1. The shaft hole detection device of the shifting fork shaft of the gearbox is characterized by comprising a positioning unit, a reference unit and a measuring unit;

2. The shaft hole detection device of the shifting fork shaft of the gearbox as recited in claim 1, wherein a lateral blind hole is formed in one side of the reference bolt away from the electrical test pen, and a ball spring plunger is arranged in the lateral blind hole;

3. The shaft hole detection device of the gearbox declutch shift shaft according to claim 1, further comprising a bottom plate, wherein the bottom plate is provided with a linear sliding groove for the sliding seat to slide, the bottom of the sliding seat is provided with a guiding slide block, and the guiding slide block is embedded in the linear sliding groove to move so as to guide the movement of the sliding seat.

4. The shaft hole detection device of the shifting fork shaft of the gearbox according to claim 3, wherein the bottom plate can move left and right along the extension direction of the shifting fork shaft, so that the position of the reference unit is adjusted according to the difference of specifications of the shifting fork shaft.

5. The shaft hole detection device of the gearbox declutch shift shaft according to claim 1, wherein the sliding seat comprises a guide plate and a mounting frame, and the mounting frame is arranged on the guide plate and can move forward and backward along the guide plate in an amplitude limiting manner.

6. The shaft hole detection device of the gearbox declutch shift shaft according to claim 5, wherein an anti-collision spring is arranged between the rear end of the mounting frame and the guide plate.

7. The shaft hole detection device of the gearbox declutch shift shaft according to claim 3, wherein a stroke limit block is provided on the outer side of the sliding seat, and a front damping member and a rear damping member which are matched with the stroke limit block are provided on the bottom plate.

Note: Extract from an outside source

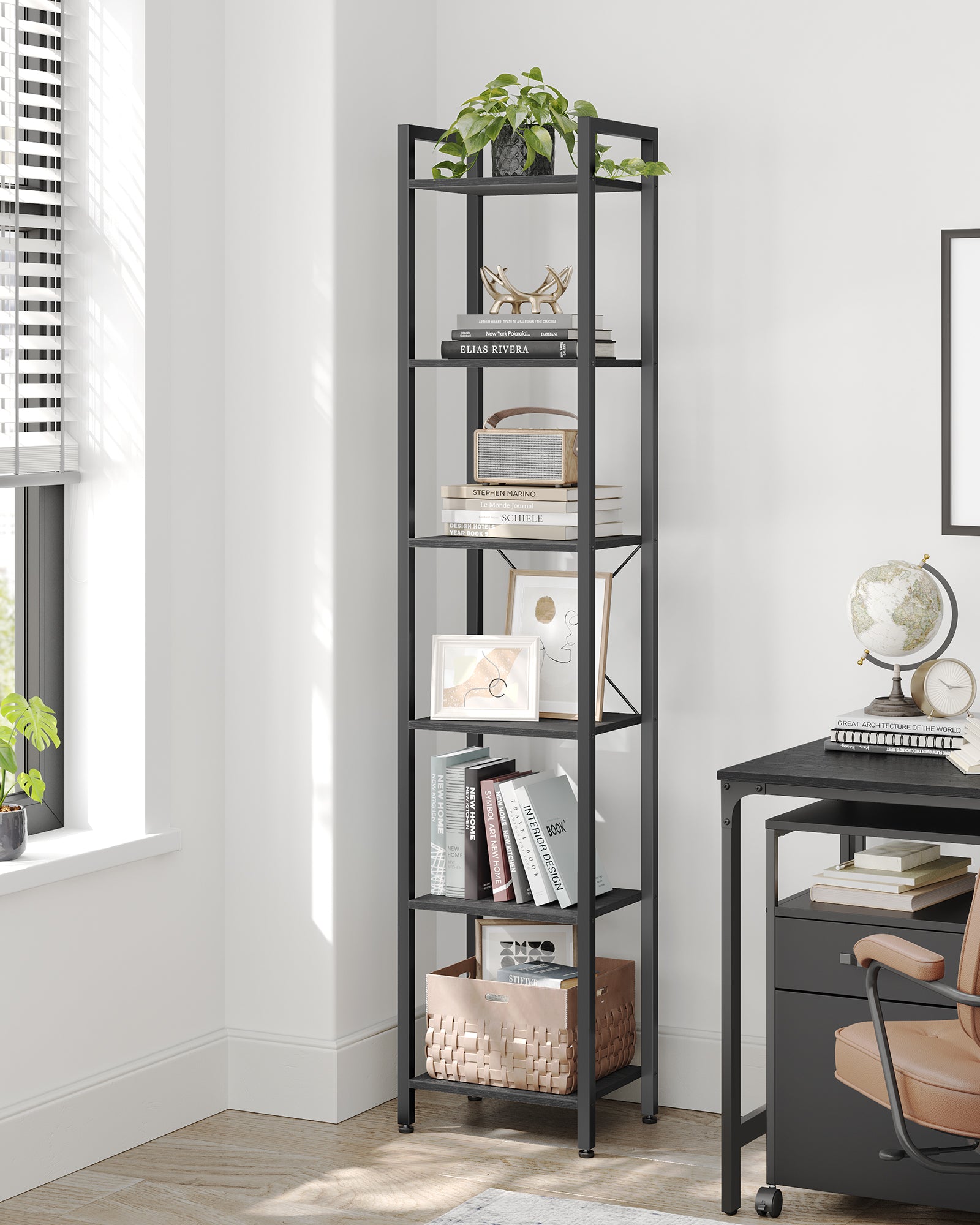 6-Tier Bookshelf, Black Modern Bookcase, Shelving Unit, for Office, Study, Living Room

8. The shaft hole detection device of the gearbox declutch shift shaft according to claim 1, further comprising a vertical support, wherein the upper part of the vertical support is provided with a transverse through hole in the left-right direction, the electric test pen passes through the transverse through hole and is detachably erected on the vertical support, and the left-right position of the electric test pen is adjustable.

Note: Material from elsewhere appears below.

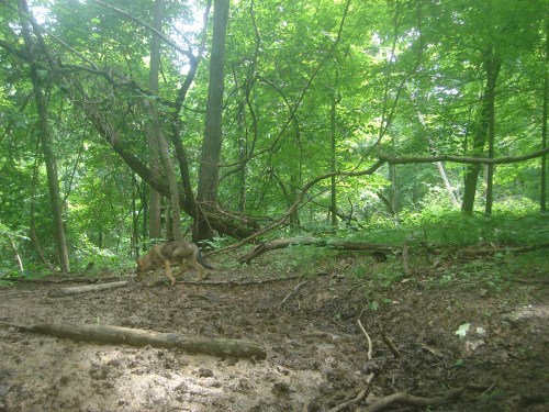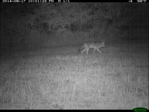 We got five coyote pictures in this set. It looked like the same coyote kept moving back and forth in front of the camera over about a 20 minute time frame. This was the best of the five pictures.

9. The apparatus for detecting shaft hole of the shift fork shaft of the transmission case according to claim 1, wherein the position finding mechanism comprises:

the detection inductor that a rigidity to whether the shaft hole that detects the declutch shift shaft is in predetermineeing the orientation position, when the declutch shift shaft rotates, when detecting the inductor and detecting the shaft hole and be in predetermineeing the orientation, the motor stall is so that the declutch shift shaft stall.

10. The shaft hole detection device of the gearbox declutch shift shaft according to claim 9, wherein the detection sensor is an infrared sensor or a laser sensor.